Data Quality policies validate your data against predefined quality rules to ensure accuracy, completeness, and consistency. These policies check individual data points to identify good and bad records based on the rules you define.
- A policy is a set of rules that define your expectations for a dataset.
- A rule is a specific condition or check that must be met for the data to be considered “good.” Each rule focuses on a particular aspect of data quality, such as null values, data type consistency, value ranges, uniqueness, or patterns.
When to use it?
Use Data Quality policies when you need to:
- Ensure customer data completeness before sending to downstream systems
- Validate that financial transaction amounts fall within expected ranges
- Check that email addresses and phone numbers follow proper formats
- Identify null values in critical columns like customer IDs or order numbers
- Enforce business rules like "order dates cannot be in the future"
Creating a Data Quality Policy
1. Start Policy Creation
You can create a Data Quality Policy in two main ways: via Manage Policies or via the Asset Details page.
Option 1: Through Manage Policies
- Navigate to Data Reliability > Manage Policies from the left menu.
- Click Add Policy (top-right).
- Select Data Quality as the policy type.
- Choose the dataset(s) (assets) you want to monitor.
- The Create Data Quality Policy page opens for configuration.
Option 2: Through the Asset Details Page
There are two ways to start a Data Quality Policy from the Asset Details page:
Overview Tab
- Open the dataset in the Asset Details page.
- In the Overview tab, click the Actions button and select Add Data Quality Policy.
Policies Tab
- Navigate to the Policies tab in the Asset Details page.
- Click Add Policy or use the Actions button, then select Data Quality.
In both cases, the Create Data Quality Policy page opens for configuration.
2. Configure Data Selection
Before defining rules, ADOC must know which part of the dataset needs to be evaluated. There are two ways to select data:
1. Column-Based Selection
- Select one or more columns directly from the dataset.
- ADOC will apply rules only to these selected columns.
- Best for simple checks or when you only need to monitor specific fields.
2. SQL-Based Selection
Enter a custom SQL query to define the data subset.
Use the placeholders:
{{{lower_bound}}}: replaced with the starting value for incremental or selective runs.{{{upper_bound}}}: replaced with the ending value for incremental or selective runs.

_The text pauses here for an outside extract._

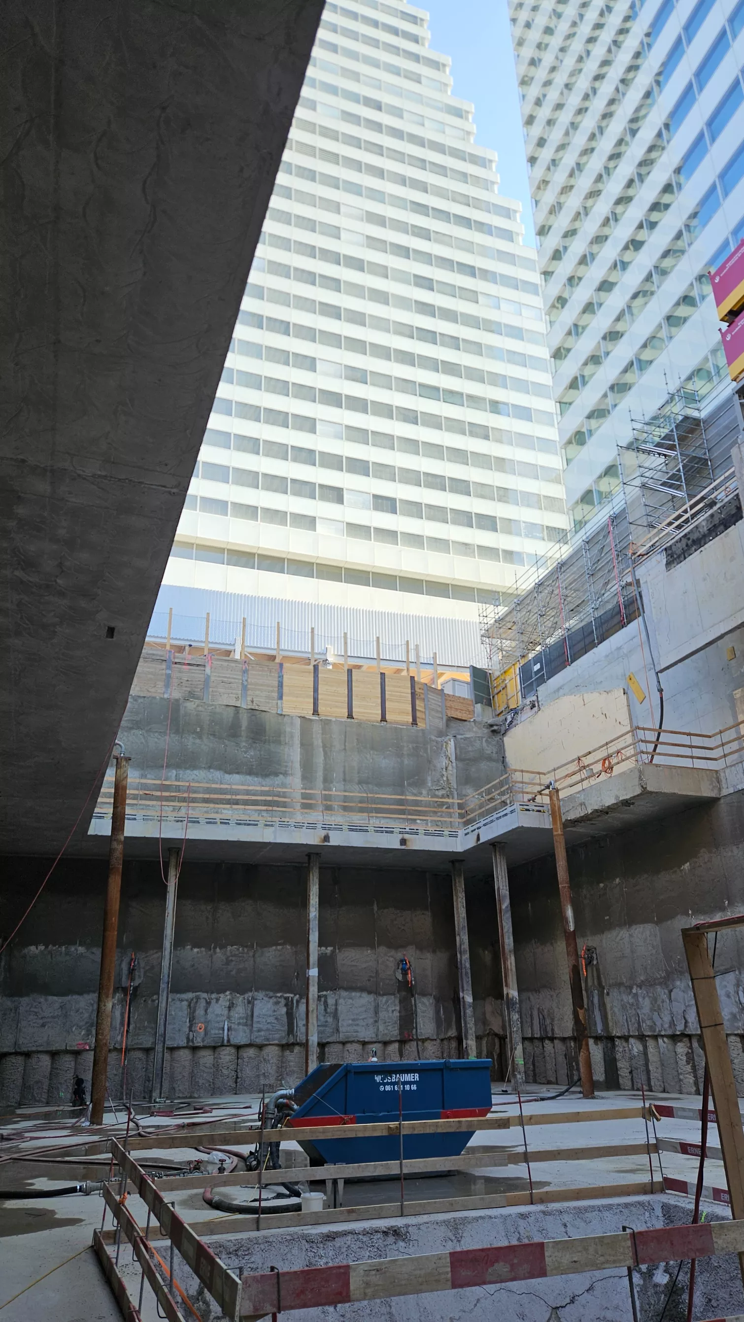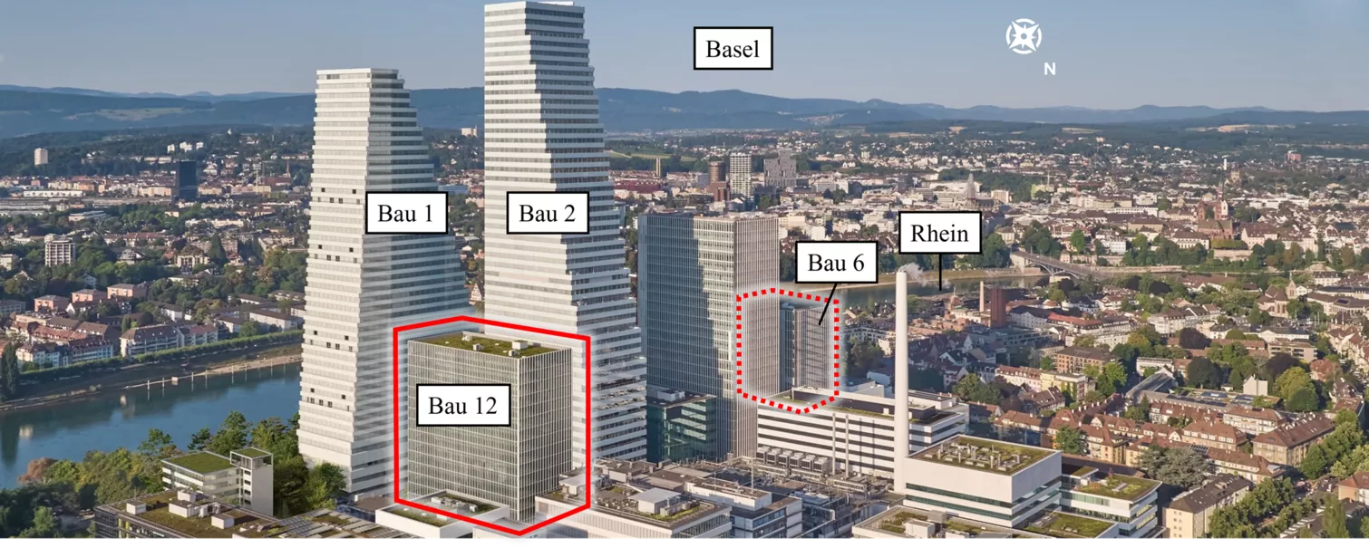 Für die Errichtung des Bau 12 war, nach dem vorgängigen Rückbau des bestehenden Bau 34, die Erstellung einer 22 m tiefen Baugrube mit einer Länge von rund 70 m und einer Breite von rund 35 m erforderlich. Die Planung dieses Hochhauses begann Anfang 2023, und der Abschluss der Realisierung der Baugrube und Fundation erfolgte in 2025.

Click Validate to check that your query is correct before proceeding.
- If using Native SQL (checkbox unchecked), follow the syntax of your underlying data platform (Snowflake, BigQuery, etc.), which may differ from Spark SQL.
- Some incremental features require that the column being incremented is included in the query’s SELECT statement.
- Older Dataplane versions may not support placeholders in SQL; upgrade to ADOC v4.3.0 or later if needed.
3. Choose Execution Engine
- Spark (default): Runs jobs in ADOC’s Spark engine. Good for standard profiling and complex rule execution.
- Pushdown: Lets queries run directly on the data source, reducing data movement. Best for very large datasets.
- Some incremental or advanced options (like certain segment selections) are only available depending on the data engine selected.
- If Pushdown is selected, persistence of records and some Spark job settings are disabled.
Example
- Column-Based: Monitor
customer_emailfor null values. - SQL-Based:
SELECT customer_id, email, signup_date FROM customers WHERE signup_date >= {{{lower_bound}}} AND signup_date < {{{upper_bound}}}
Real-world Use Case
Scenario: Your sales reporting dashboard is showing incorrect revenue figures. After investigation, you discover that the sales data contains future dates in the transaction date column, causing inaccurate monthly aggregations.
Solution: Create a Data Quality policy with a range check rule to ensure all transaction dates are between the earliest valid date and today's date, preventing future dates from entering your analytics pipeline.
Step-by-step Guide
Step 1: Configure your data source
- Navigate to the asset you want to monitor (e.g., your sales transactions table)
- Click the Actions button and select Create Policy
- Choose Data Quality Policy
- Select your execution engine:
- Spark Engine: Best for complex transformations and when you need to persist good/bad records
- Pushdown Engine: Faster for simple checks, processes data directly in your source database
Step 2: Select and filter your data
- Standard selection: Choose your table directly
- Custom SQL: Write custom queries if you need to join tables or apply complex filters
- Apply filters: Narrow down data (e.g., only check records from the last 7 days)
- Use segments: Analyze specific portions of your data (e.g., check quality by region)
Step 3: Configure quality rules
Choose the rules that match your business needs.
For each rule, you can:
- Set absolute threshold values (e.g., between 100 and 1000)
- Compare against historical trends (e.g., "increases by 5% compared to last 5 days")
- Use anomaly detection with sensitivity levels (low, medium, high)
Step 4: Set success thresholds
- Success Threshold: The minimum score (0-100) for the policy to pass (e.g., 95%)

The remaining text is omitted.